With pictures excluded, copy word for word the lines in the data below from the line containing "向原町坂の川沿にも、珍しい花" through the line containing "Member SpotlightMeet Andrew".

GIVEN RECORDS:
★ ★ ★ ★ ★
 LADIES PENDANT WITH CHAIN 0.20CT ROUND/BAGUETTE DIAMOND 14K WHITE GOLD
★ ★ ★ ★ ★
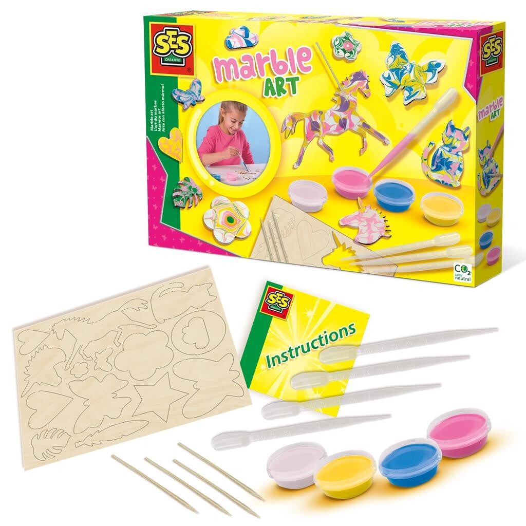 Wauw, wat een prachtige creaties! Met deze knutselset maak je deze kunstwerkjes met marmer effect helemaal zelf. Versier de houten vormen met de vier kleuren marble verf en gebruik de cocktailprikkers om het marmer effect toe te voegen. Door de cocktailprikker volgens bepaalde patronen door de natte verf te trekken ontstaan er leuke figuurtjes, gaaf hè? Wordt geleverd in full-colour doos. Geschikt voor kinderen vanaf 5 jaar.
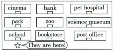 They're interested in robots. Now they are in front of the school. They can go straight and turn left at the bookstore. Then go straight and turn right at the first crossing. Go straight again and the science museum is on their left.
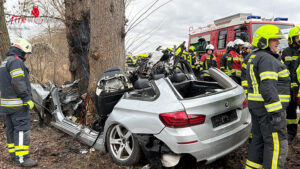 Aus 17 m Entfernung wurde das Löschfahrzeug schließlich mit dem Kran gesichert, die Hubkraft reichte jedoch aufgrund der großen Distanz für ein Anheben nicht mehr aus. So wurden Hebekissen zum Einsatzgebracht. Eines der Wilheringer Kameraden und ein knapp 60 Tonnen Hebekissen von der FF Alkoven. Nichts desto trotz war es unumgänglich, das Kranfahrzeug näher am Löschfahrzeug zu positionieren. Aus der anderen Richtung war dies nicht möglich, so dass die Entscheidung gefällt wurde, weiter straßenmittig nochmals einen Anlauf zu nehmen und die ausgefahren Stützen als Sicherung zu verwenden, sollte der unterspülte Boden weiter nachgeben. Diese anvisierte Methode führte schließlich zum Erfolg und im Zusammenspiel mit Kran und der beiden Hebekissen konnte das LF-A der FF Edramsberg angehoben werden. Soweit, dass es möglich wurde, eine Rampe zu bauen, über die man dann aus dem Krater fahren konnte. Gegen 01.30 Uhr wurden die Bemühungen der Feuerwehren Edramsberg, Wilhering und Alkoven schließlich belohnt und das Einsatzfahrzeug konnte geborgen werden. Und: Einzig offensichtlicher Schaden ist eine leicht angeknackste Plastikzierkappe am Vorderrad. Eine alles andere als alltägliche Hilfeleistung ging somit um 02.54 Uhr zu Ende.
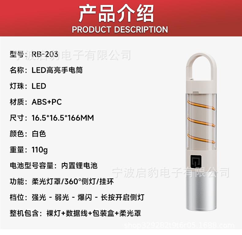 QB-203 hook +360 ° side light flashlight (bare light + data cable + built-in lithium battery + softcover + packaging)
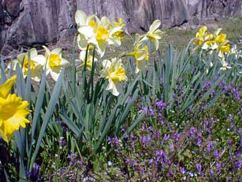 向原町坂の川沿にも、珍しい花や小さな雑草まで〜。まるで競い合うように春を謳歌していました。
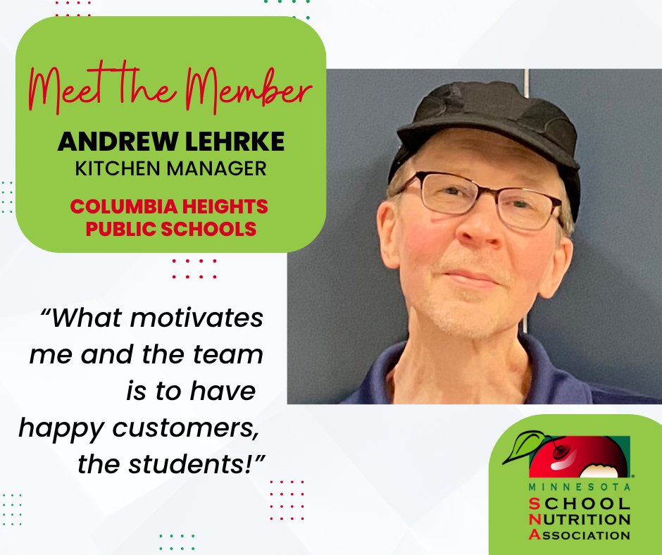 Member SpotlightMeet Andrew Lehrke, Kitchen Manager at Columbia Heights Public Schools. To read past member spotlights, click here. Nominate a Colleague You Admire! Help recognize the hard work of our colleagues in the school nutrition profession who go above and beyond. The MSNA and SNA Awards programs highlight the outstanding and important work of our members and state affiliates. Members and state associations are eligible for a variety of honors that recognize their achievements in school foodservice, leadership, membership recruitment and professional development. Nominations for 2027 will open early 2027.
★ ★ ★ ★ ★
RESULT FOR THIS EXERCISE:
 向原町坂の川沿にも、珍しい花や小さな雑草まで〜。まるで競い合うように春を謳歌していました。
 Member SpotlightMeet Andrew Lehrke, Kitchen Manager at Columbia Heights Public Schools. To read past member spotlights, click here. Nominate a Colleague You Admire! Help recognize the hard work of our colleagues in the school nutrition profession who go above and beyond. The MSNA and SNA Awards programs highlight the outstanding and important work of our members and state affiliates. Members and state associations are eligible for a variety of honors that recognize their achievements in school foodservice, leadership, membership recruitment and professional development. Nominations for 2027 will open early 2027.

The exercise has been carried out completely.